Rainbow (Hessel et al.) combines several DQN improvements: Double DQN (reduce overestimation), Dueling (value + advantage), PER (replay important transitions), Noisy nets (state-dependent exploration), multi-step returns (n-step learning), and optionally C51 (distributional RL). Together they improve sample efficiency and final performance on Atari. In practice, you do not need all components for every task; CartPole may be solved with vanilla DQN, while harder games benefit from the full stack. Implementing Rainbow is a capstone for the value-approximation volume.

Illustration (Rainbow vs DQN): With the same number of env steps, Rainbow often reaches higher reward sooner. The chart below shows mean reward per 100 episodes over 1M steps (e.g. Pong or LunarLander).

Exercise: Combine all improvements (DDQN, Dueling, PER, NoisyNet, multi-step returns, distributional RL optional) into a single Rainbow agent. Train it on a challenging environment like Pong and compare with a baseline DQN.

Professor’s hints

Start from your best DQN (e.g. with target network and replay). Add one component at a time: first DDQN, then Dueling, then PER (with IS weights), then Noisy layers (replace \(\epsilon\)-greedy). Multi-step: use n-step returns in the target (e.g. 3-step); you will need to store n-step transitions or compute targets over n steps.
Pong (or Atari) needs frame stacking (e.g. 4 frames) and possibly frame skip.
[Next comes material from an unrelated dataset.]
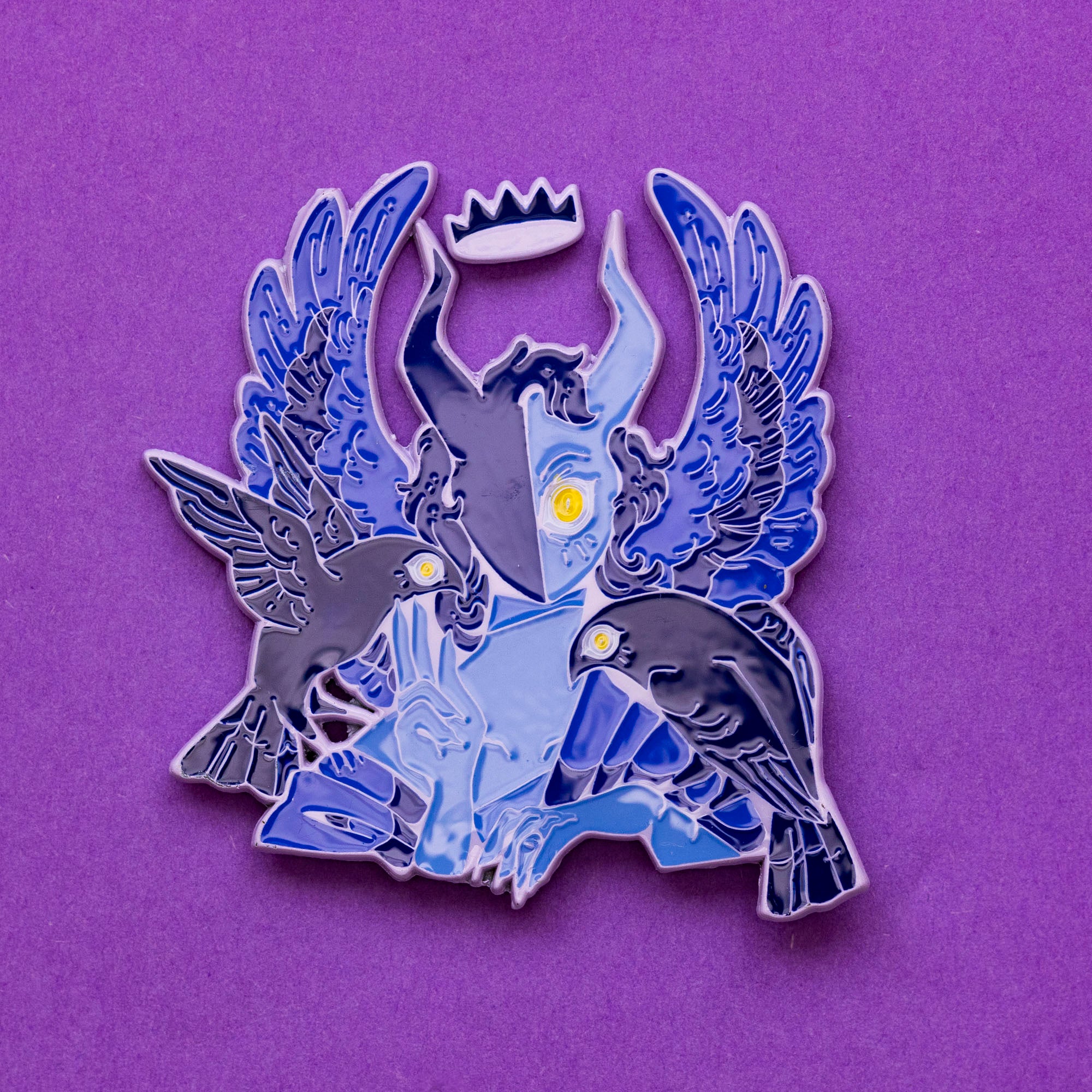 Naberius is available in indigo soft enamel with dyed metal and epoxy; or gray hard enamel with gold plating.

Use a CNN if the observation is image-based. For a simpler “challenging” env, use LunarLander or a harder CartPole variant.
Comparison: same number of env steps (e.g. 1M). Plot reward per episode (or per 100 episodes). Rainbow should reach higher performance and/or learn faster. Ablation: remove one component and see how much performance drops.

Common pitfalls

Overfitting the baseline: Use a strong baseline (e.g. DQN with replay + target + maybe DDQN). A very weak baseline makes Rainbow look good even if the gain is from one component.
Hyperparameters: Rainbow has more hyperparameters (PER \(\alpha\), \(\beta\), Noisy init, n-step). Tune or use published defaults; do not compare with a heavily tuned DQN vs. untuned Rainbow.
Distributional (C51): Optional and more complex (output a distribution over returns per action, then project and minimize cross-entropy). You can skip it and still have a “Rainbow-lite” that is very effective.

Worked solution (warm-up: six components of Rainbow)

Warm-up: List the six (or seven) components of Rainbow. For each, state in one sentence what problem it addresses. Answer: (1) DQN — base: replay + target network for stability. (2) Double DQN — reduces max overestimation. (3) Prioritized replay — samples important transitions more. (4) Dueling — separates V and A for better learning when actions don’t matter much. (5) Multi-step (n-step) — uses n-step returns for less bias. (6) Noisy nets — parameter space exploration instead of \(\epsilon\)-greedy. (7) C51 (distributional) — learns return distribution. Together they improve sample efficiency and stability.

Extra practice

Warm-up: List the six (or seven) components of Rainbow. For each, state in one sentence what problem it addresses.
Coding: Implement a minimal “Rainbow-lite”: DQN + replay + target + Double DQN + Dueling. Train on CartPole for 20k steps. Log mean Q and episode return.
Challenge: Ablation study: train Rainbow, then train variants with each component removed (Rainbow - DDQN, Rainbow - Dueling, etc.). Rank the components by how much removing them hurts performance.
Variant: Add n-step returns (n=3) to your Rainbow-lite. Does multi-step help or hurt on CartPole? Try n=1 vs n=3 and compare learning speed.
Debug: The target computation below uses \(\max\) of two Q-networks instead of \(\min\), reintroducing DDPG-style overestimation. Fix it.

Try it — edit and run (Shift+Enter)

Conceptual: Which single Rainbow component typically provides the largest single improvement over vanilla DQN on Atari, and why? (Consider PER, Double DQN, and Dueling separately.)
Recall: State in 2–3 sentences what Rainbow is: which paper introduced it, what components it combines, and what benchmark it was evaluated on.